▸ Task description
Using the data below, return word for word every line from the one holding "Blingbling Cowgirl Hat" down to the one holding "Hat zugegebenermaßen ein". Leave pictures out.

▸ Entries shown
=== Begin Enclosure ===
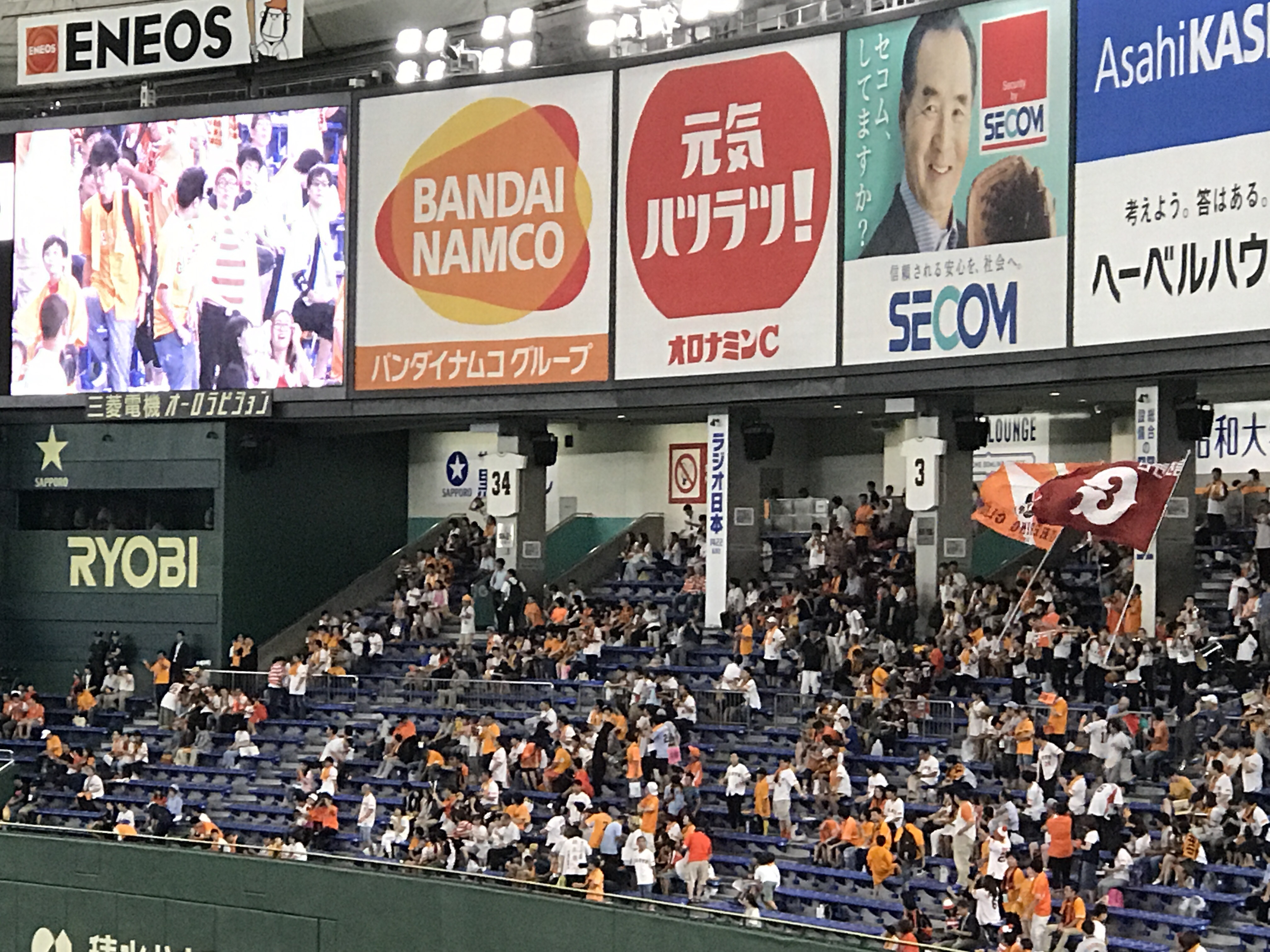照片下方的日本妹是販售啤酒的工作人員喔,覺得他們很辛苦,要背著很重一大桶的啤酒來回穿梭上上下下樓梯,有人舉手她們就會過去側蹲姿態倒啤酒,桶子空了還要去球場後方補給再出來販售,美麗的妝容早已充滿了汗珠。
=== End Enclosure ===
=== Begin Enclosure ===
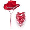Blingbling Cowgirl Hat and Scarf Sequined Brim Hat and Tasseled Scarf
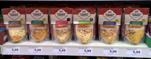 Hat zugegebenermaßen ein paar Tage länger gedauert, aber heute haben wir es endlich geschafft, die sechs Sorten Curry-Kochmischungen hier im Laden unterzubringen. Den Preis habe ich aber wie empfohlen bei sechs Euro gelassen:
=== End Enclosure ===
=== Begin Enclosure ===
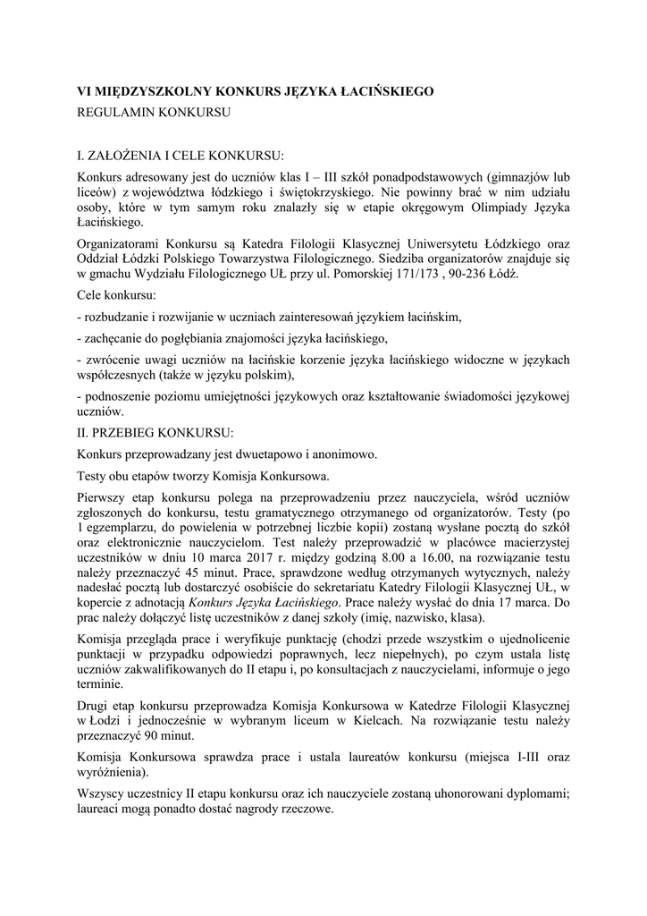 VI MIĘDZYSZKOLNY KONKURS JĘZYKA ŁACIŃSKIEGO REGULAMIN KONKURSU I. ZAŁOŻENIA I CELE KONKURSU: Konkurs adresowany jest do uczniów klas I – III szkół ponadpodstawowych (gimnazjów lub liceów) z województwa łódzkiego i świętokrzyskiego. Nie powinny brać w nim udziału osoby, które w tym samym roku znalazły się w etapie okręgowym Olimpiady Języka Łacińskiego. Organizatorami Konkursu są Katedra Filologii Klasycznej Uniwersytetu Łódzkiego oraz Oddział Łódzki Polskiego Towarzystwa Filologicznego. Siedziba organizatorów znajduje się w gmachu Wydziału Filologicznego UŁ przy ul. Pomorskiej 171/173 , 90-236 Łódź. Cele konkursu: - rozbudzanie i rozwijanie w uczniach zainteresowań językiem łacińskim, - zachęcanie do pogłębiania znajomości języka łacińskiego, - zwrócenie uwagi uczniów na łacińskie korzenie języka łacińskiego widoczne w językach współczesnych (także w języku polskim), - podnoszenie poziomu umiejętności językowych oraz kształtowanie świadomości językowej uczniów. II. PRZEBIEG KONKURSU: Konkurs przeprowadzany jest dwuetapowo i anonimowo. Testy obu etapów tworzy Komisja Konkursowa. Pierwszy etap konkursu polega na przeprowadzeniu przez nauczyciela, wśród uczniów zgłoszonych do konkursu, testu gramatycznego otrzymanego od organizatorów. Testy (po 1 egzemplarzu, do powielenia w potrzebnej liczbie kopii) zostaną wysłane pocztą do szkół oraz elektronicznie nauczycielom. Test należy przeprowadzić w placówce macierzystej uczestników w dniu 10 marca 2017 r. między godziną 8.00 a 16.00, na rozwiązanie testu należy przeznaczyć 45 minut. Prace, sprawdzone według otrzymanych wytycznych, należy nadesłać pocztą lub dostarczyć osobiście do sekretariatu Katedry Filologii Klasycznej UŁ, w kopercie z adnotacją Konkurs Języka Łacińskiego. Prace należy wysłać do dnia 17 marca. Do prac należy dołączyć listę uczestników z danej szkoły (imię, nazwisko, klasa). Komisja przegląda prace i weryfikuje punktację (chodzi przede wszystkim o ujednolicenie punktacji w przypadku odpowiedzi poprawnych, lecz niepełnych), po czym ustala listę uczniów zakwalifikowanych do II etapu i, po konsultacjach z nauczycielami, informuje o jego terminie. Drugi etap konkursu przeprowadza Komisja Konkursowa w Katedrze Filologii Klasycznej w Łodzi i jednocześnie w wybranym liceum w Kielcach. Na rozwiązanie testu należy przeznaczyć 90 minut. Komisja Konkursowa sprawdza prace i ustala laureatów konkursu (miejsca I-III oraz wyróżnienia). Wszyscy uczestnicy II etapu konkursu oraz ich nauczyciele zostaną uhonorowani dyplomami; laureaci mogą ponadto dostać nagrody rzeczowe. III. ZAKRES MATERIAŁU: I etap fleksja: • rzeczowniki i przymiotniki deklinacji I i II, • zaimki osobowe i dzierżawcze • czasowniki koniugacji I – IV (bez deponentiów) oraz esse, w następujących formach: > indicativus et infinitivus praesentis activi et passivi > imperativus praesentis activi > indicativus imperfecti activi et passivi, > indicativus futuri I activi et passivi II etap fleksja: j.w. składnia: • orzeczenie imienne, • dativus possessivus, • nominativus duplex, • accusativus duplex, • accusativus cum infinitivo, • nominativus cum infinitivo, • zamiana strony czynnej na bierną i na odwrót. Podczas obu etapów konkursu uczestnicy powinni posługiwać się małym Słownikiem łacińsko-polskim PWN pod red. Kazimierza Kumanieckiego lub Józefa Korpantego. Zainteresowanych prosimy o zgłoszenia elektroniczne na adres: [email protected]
=== End Enclosure ===
▸ Solution to this task
Blingbling Cowgirl Hat and Scarf Sequined Brim Hat and Tasseled Scarf
 Hat zugegebenermaßen ein paar Tage länger gedauert, aber heute haben wir es endlich geschafft, die sechs Sorten Curry-Kochmischungen hier im Laden unterzubringen. Den Preis habe ich aber wie empfohlen bei sechs Euro gelassen:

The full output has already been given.